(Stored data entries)
══════════════════════════════
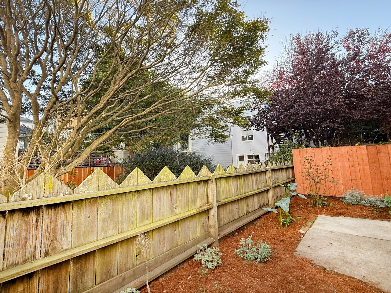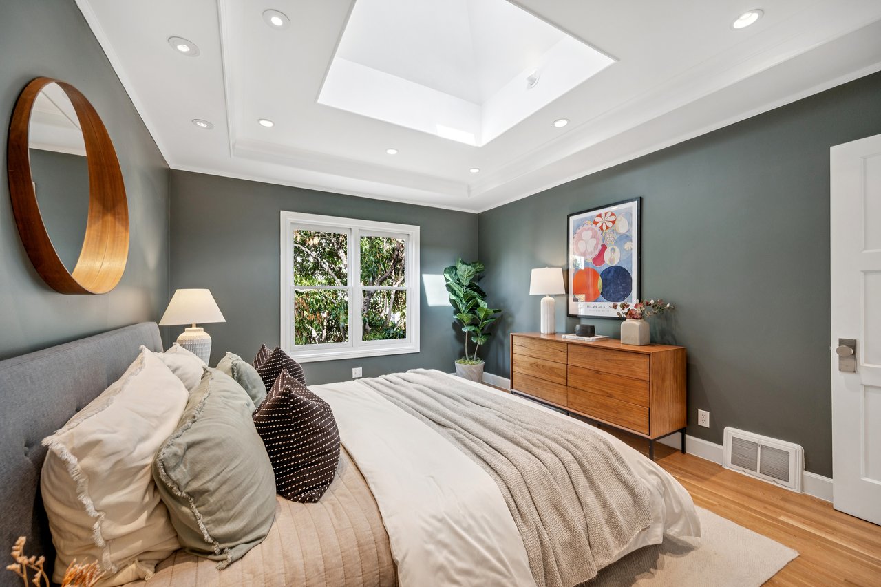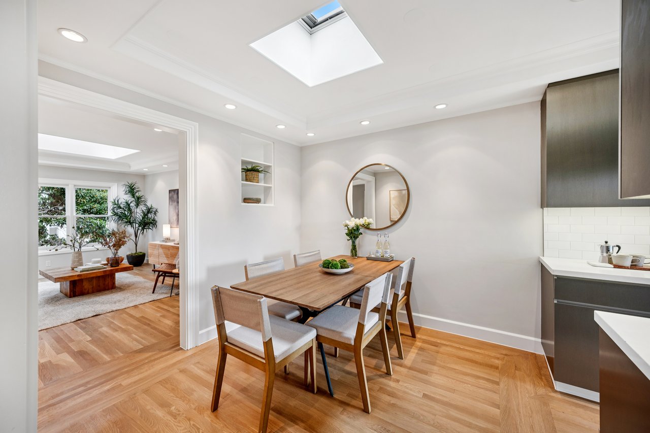 This updated full floor unit has an appealing layout with an impressive kitchen, beautiful bathroom, gorgeous wood floors, skylights, nice natural light and pleasant outlooks. The home features a spacious living room with a fireplace, dining area next to the chef's kitchen that accommodates a sizable table and 2 comfortable bedrooms. The front bedroom is large and the rear bedroom has a built-in Murphy bed and walk-out deck. The chef's kitchen has a big Miele refrigerator, Viking gas range, Viking hood, Viking microwave, pot filler and good-looking counters and cabinets. It has direct access to a staircase to the south-facing yard. The light-filled layout is wonderful for hosting friends and working from home. 2 car parking and storage in the garage. The shared yard offers space for lounging and gardening. Low HOA dues.
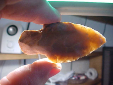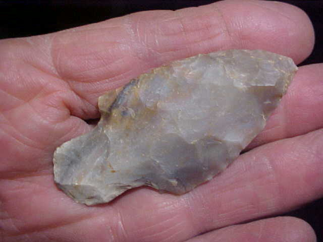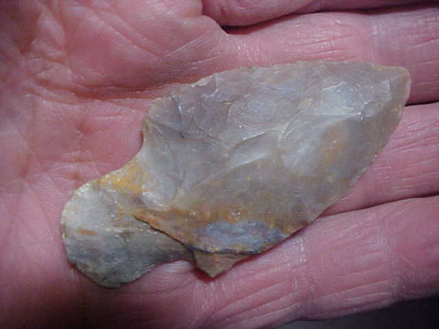 An artifact show, some time back, I tried to ask the seller "Where's it from?"--not being a Kentucky piece unless it was found right along the Ohio River. His reply was a 'generic' "Central Kentucky". Yeah, sure, this material has a pretty defined distribution area, and 'Central Kentucky' ain't it, lol. So--this Adena, 2&9+/16" by a bit over 1&3/16", 5/16" thinness, is an Ohio piece--enough 'squaring' to the stem that I'd classify it as a Robbins-type Adena. There are a couple minor chips, the very tip and one barb to keep the price reasonable, but that find Chalcedony sure makes up for it. Great patina, guaranteed authenticity. Shipping is $8.00 with checks, cash, or M.O.s the only three ways you can buy the piece. Sorry, I do not use electronic payments (like paypal)--Roy A.
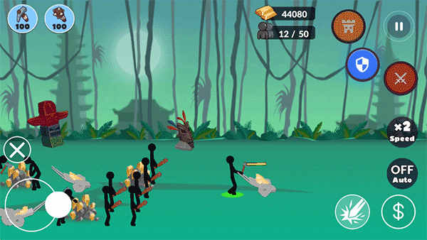 4、点击屏幕右侧的红色按键可以攻击,点击speedx2可以开启倍数,off auto开启自动让火柴人工作。
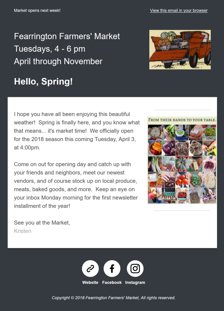 Posted on March 28, 2018April 9, 2018 2018 Market Season Opens April 3! Scroll down to see more content
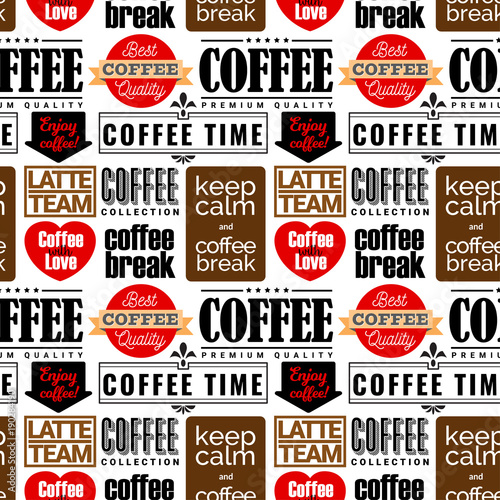 © sergeygerasimov, Obraz premium Coffee seamless pattern design. Vector illustration.
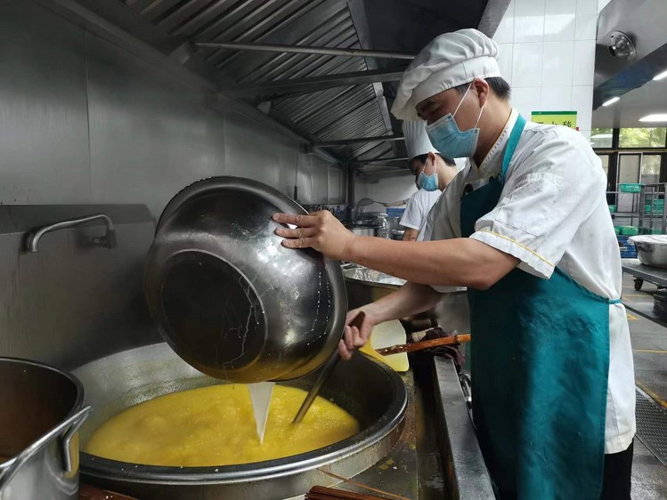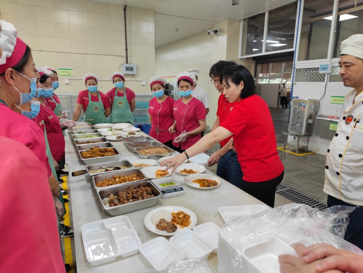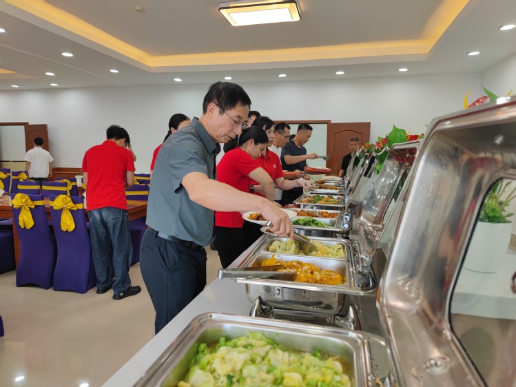 校庆前一天,饮食服务中心主任李东龙带领思明校区和翔安校区等餐厅经理、行政总厨、面点师90余人,支援漳州校区高标准完成校庆供餐工作。
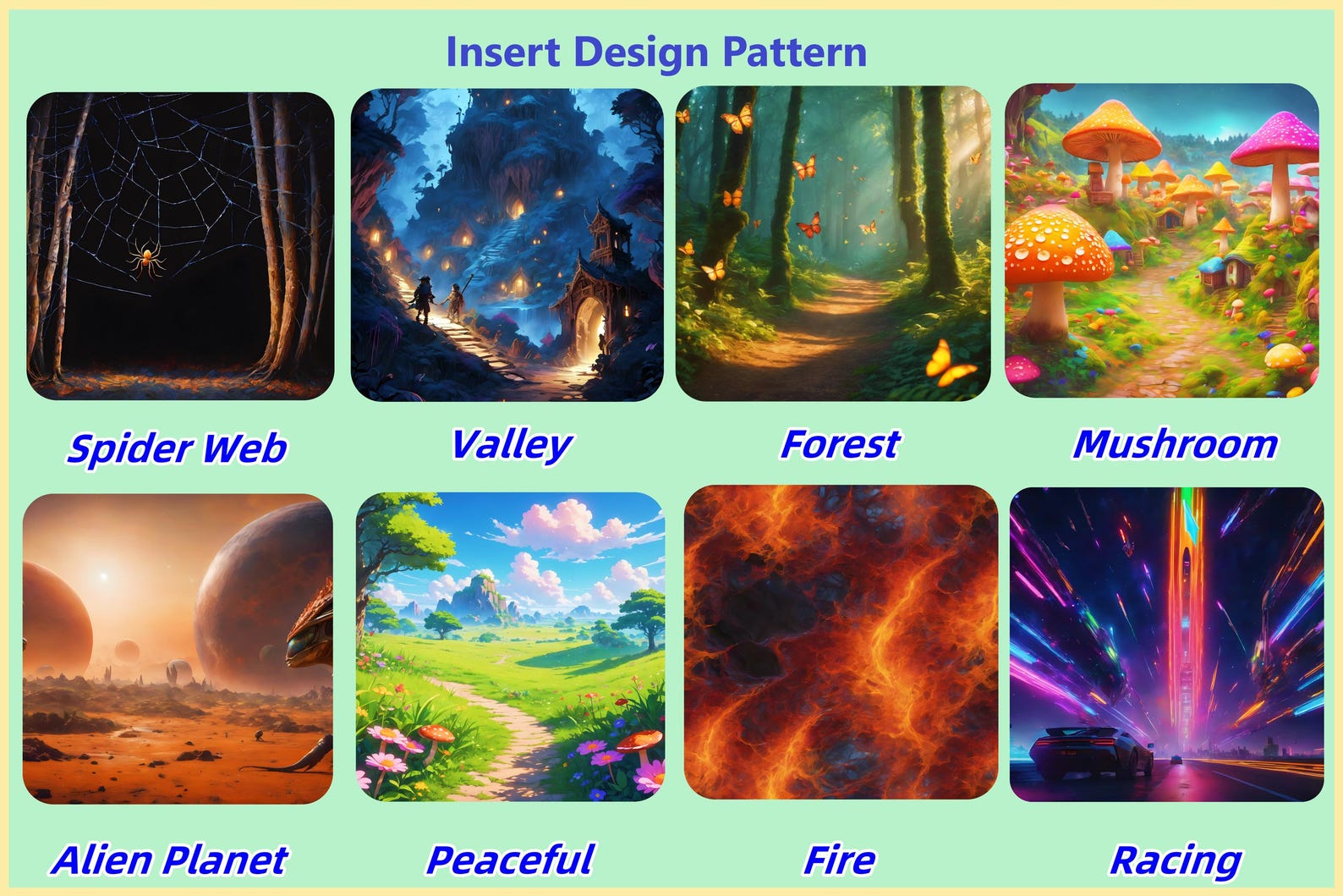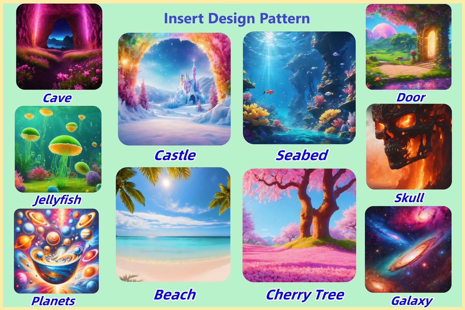 Each insert design is AI-generated and carefully refined by me to ensure a distinctive, high-quality artistic style — from dreamy forests and colorful mushrooms to fiery worlds and cosmic vibes.
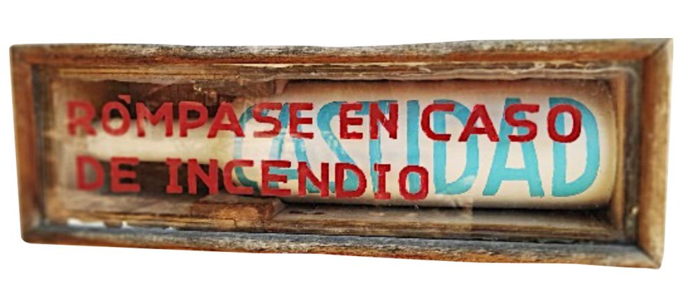 Rómpase en caso de Incendio y, tras el vidrio, hay un botellón
══════════════════════════════
PROBLEM DESCRIPTION: Copy all entries exactly; skip pictures.

EXERCISE RESPONSE:
 This updated full floor unit has an appealing layout with an impressive kitchen, beautiful bathroom, gorgeous wood floors, skylights, nice natural light and pleasant outlooks. The home features a spacious living room with a fireplace, dining area next to the chef's kitchen that accommodates a sizable table and 2 comfortable bedrooms. The front bedroom is large and the rear bedroom has a built-in Murphy bed and walk-out deck. The chef's kitchen has a big Miele refrigerator, Viking gas range, Viking hood, Viking microwave, pot filler and good-looking counters and cabinets. It has direct access to a staircase to the south-facing yard. The light-filled layout is wonderful for hosting friends and working from home. 2 car parking and storage in the garage. The shared yard offers space for lounging and gardening. Low HOA dues.
 An artifact show, some time back, I tried to ask the seller "Where's it from?"--not being a Kentucky piece unless it was found right along the Ohio River. His reply was a 'generic' "Central Kentucky". Yeah, sure, this material has a pretty defined distribution area, and 'Central Kentucky' ain't it, lol. So--this Adena, 2&9+/16" by a bit over 1&3/16", 5/16" thinness, is an Ohio piece--enough 'squaring' to the stem that I'd classify it as a Robbins-type Adena. There are a couple minor chips, the very tip and one barb to keep the price reasonable, but that find Chalcedony sure makes up for it. Great patina, guaranteed authenticity. Shipping is $8.00 with checks, cash, or M.O.s the only three ways you can buy the piece. Sorry, I do not use electronic payments (like paypal)--Roy A.
 4、点击屏幕右侧的红色按键可以攻击,点击speedx2可以开启倍数,off auto开启自动让火柴人工作。
 Posted on March 28, 2018April 9, 2018 2018 Market Season Opens April 3! Scroll down to see more content
 © sergeygerasimov, Obraz premium Coffee seamless pattern design. Vector illustration.
 校庆前一天,饮食服务中心主任李东龙带领思明校区和翔安校区等餐厅经理、行政总厨、面点师90余人,支援漳州校区高标准完成校庆供餐工作。
 Each insert design is AI-generated and carefully refined by me to ensure a distinctive, high-quality artistic style — from dreamy forests and colorful mushrooms to fiery worlds and cosmic vibes.
 Rómpase en caso de Incendio y, tras el vidrio, hay un botellón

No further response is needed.